Britain is to find out on Wednesday whether it is officially back in recession or if the non-eurozone member has avoided a fresh downturn amid severe cuts to state spending and spreading debt tensions.
All will be revealed when the Office for National Statistics publishes its first official estimate of British gross domestic product (GDP) for the three months to the end of March.
Highlighting the extent of Britain's debt strains, official data Tuesday showed public sector net debt as a percentage of gross domestic product -- excluding the cost of bank bailouts -- hit a record high 66 percent in March.
Britain's total debt stands at £1.022 trillion (1.25 trillion euros, $1.65 trillion), the ONS revealed.
The country's economy meanwhile shrank by a worse-than-expected 0.3 percent in the fourth quarter of last year.
A further contraction would put the country back in recession -- defined as two consecutive quarters of negative growth.
However, market expectations are for slender growth of 0.1 percent, after a raft of recent encouraging economic data.
"The main concern from the first-quarter UK GDP figure is whether or not the UK will slip back into a technical recession," said Phil McHugh, senior analyst at Currencies Direct.

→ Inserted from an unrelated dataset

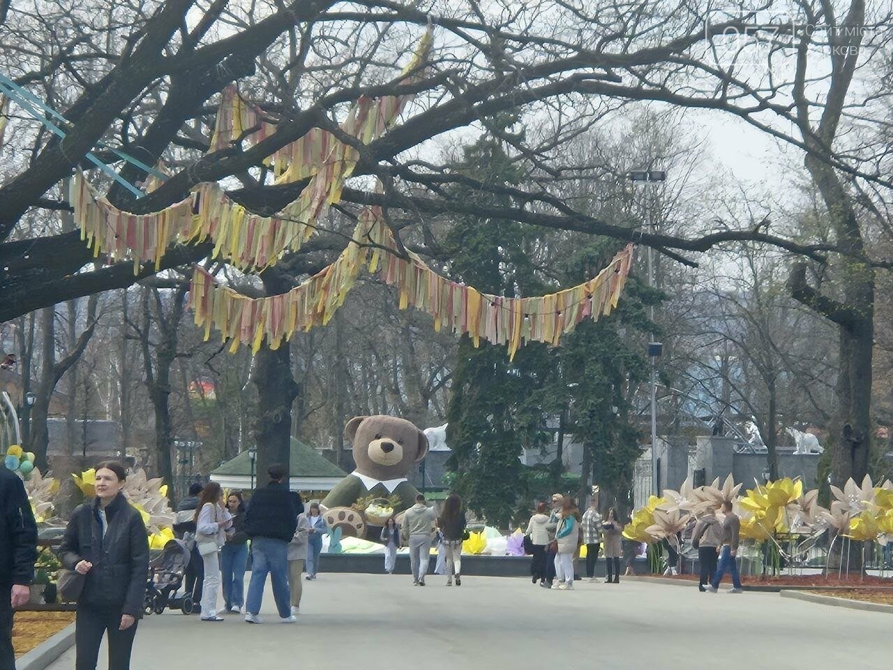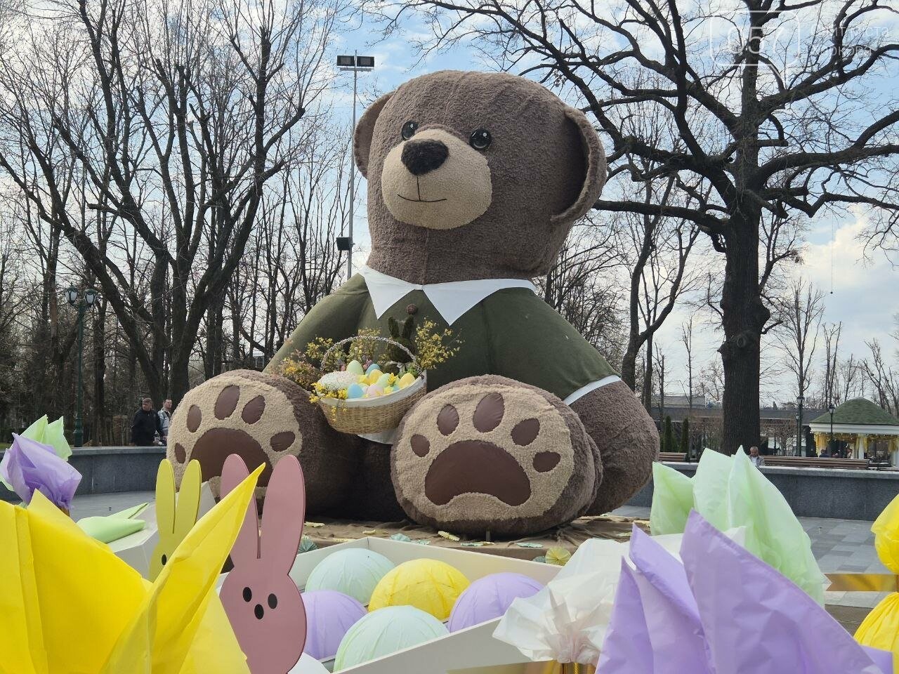 Особое внимание также привлекает гигантский мягкий медведь, установленный в саду Шевченко на месте центрального фонтана — именно там сейчас собирается больше всего людей.

"Recent opinion has shifted on the back of strong retail sales and lower unemployment figures ... (but) there is a real possibility that we could experience a second consecutive quarter of negative growth."
British retail sales volumes rebounded by a strong 1.8 percent in March from the previous month as unusually warm weather boosted demand for clothes and gardening gear, official data showed last week.

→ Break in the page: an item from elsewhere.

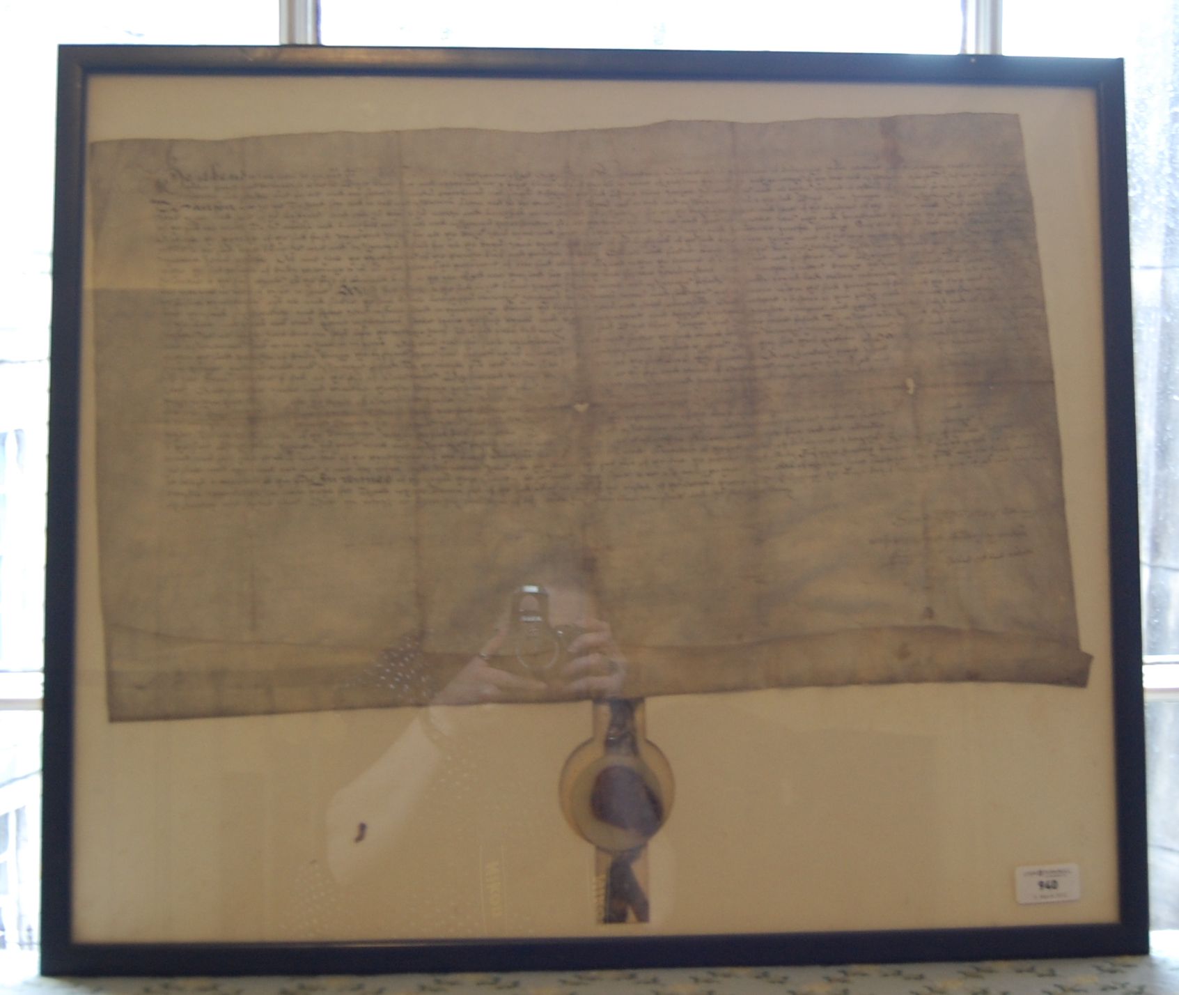 Tack of the teinds of the Parish of Dalry, granted by John Archbishop of St. Andrews, Commendator of the Abbey of Kilwinning in favour of Bryce Blair of that Ilk, younger, 30 Nov. 1616, vellum document with seal, signed by St. Andrew, Abbot of Kilwinning, Mr John Hay & others, 56 x 34cm, small hole at centre affecting a few letters, framed and glazed

Panic buying of petrol, caused by a threatened strike by fuel tanker workers, also helped retail sales climb last month by the fastest pace since January 2011.

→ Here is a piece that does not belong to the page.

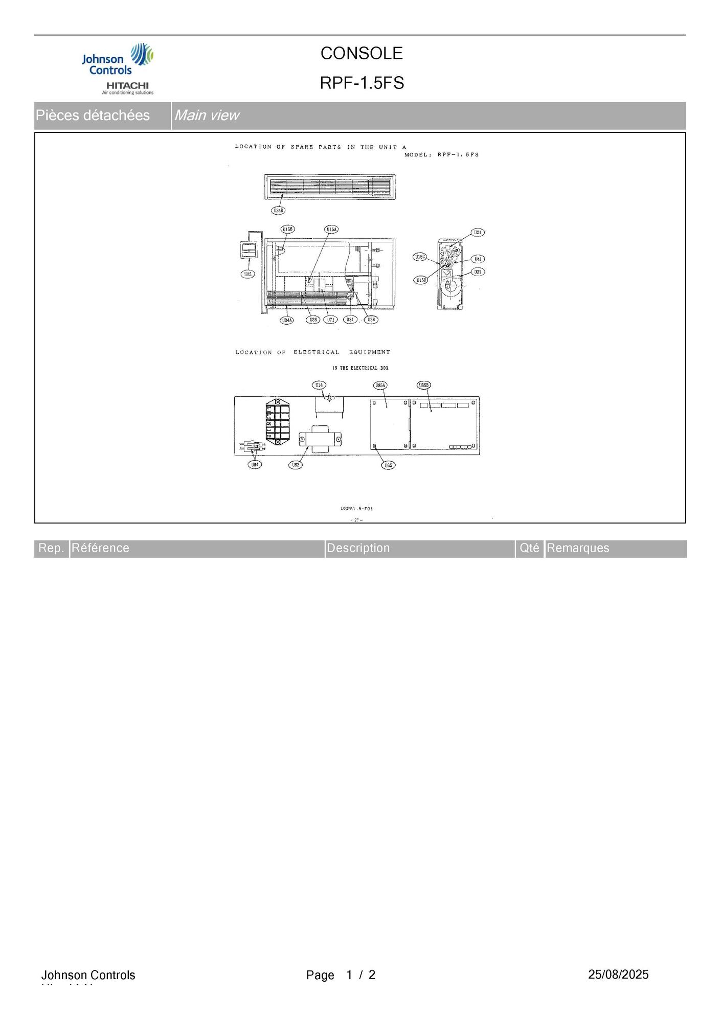 Pièces détachées contenues dans cet appareil Console Hitachi RPF-1.5FS

In another positive development ahead of Wednesday's GDP data, recent official figures showed that the number of jobless Britons fell in the three months to February, marking the first quarterly decline in almost a year.
The number of unemployed fell by 35,000 over the period to 2.65 million people. That was the first quarterly decline since the three months to May 2011.
However, economist Howard Archer warned that anaemic activity in the construction sector could push Britain back into recession.
"There is serious concern that reported very weak construction output will have been a major drag on the economy and resulted in a second (consecutive) quarter of GDP contraction, thereby officially putting the economy back into recession," said Archer, a senior economist at IHS Global Insight.
Economic stormclouds are still also looming large over the eurozone, which is a key trading partner for Britain.
Data on Monday showed that debt-ravaged Spain slumped back into recession in the first three months of 2012.
Scarred by soaring public debt and surging unemployment, the eurozone member's economy contracted by 0.4 percent in the first quarter after a 0.3-percent decline in the last three months of 2011.
Overall, the 17-nation eurozone's output shrank by 0.3 percent in the fourth quarter of last year.